# What to produce
Give the data again word for word; drop the pictures.

# Data block
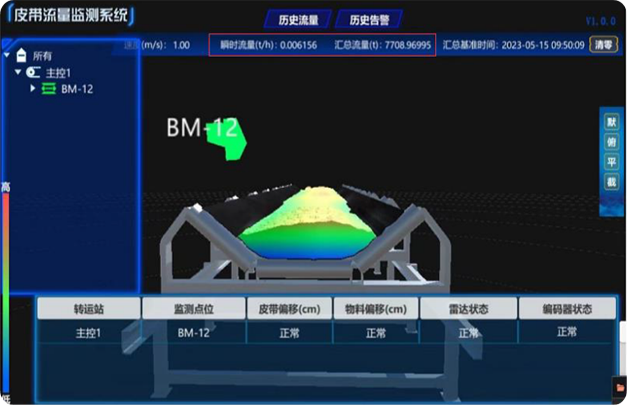 傳送皮帶流量監測系統采用高頻紅外激光雷達掃描及智能算法相結合的技 術方案,實現皮帶運輸流量的實時監測及累計流量監測,皮帶跑偏檢測、報警及 轉運站卡堵預警等功能。
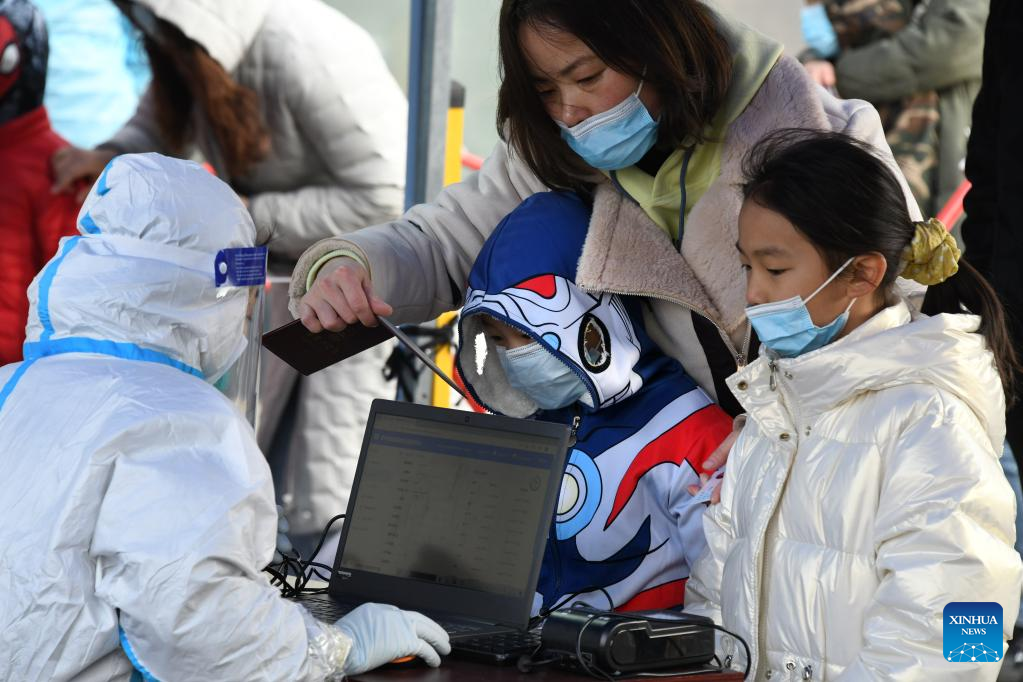 Medical workers take swab samples from people for nucleic acid test at Shibei District, Qingdao City, east China's Shandong Province, March 15, 2022. Qingdao has strengthened its epidemic prevention and control measures in response to the resurgence of domestically transmitted COVID-19 cases. (Xinhua/Li Ziheng)
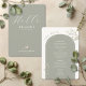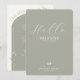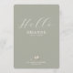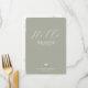 Dê as boas-vindas aos seus convidados de uma forma atenciosa e elegante com este cartão de mesa e menu multifuncional da coleção de casamento Two Are Better Than One. A frente apresenta um fundo verde suave com uma saudação calorosa que diz “Olá” seguido pelo nome do convidado, fazendo com que cada participante se sinta pessoalmente bem-vindo à sua celebração.

# Answer for this exercise
 傳送皮帶流量監測系統采用高頻紅外激光雷達掃描及智能算法相結合的技 術方案,實現皮帶運輸流量的實時監測及累計流量監測,皮帶跑偏檢測、報警及 轉運站卡堵預警等功能。
 Medical workers take swab samples from people for nucleic acid test at Shibei District, Qingdao City, east China's Shandong Province, March 15, 2022. Qingdao has strengthened its epidemic prevention and control measures in response to the resurgence of domestically transmitted COVID-19 cases. (Xinhua/Li Ziheng)
 Dê as boas-vindas aos seus convidados de uma forma atenciosa e elegante com este cartão de mesa e menu multifuncional da coleção de casamento Two Are Better Than One. A frente apresenta um fundo verde suave com uma saudação calorosa que diz “Olá” seguido pelo nome do convidado, fazendo com que cada participante se sinta pessoalmente bem-vindo à sua celebração.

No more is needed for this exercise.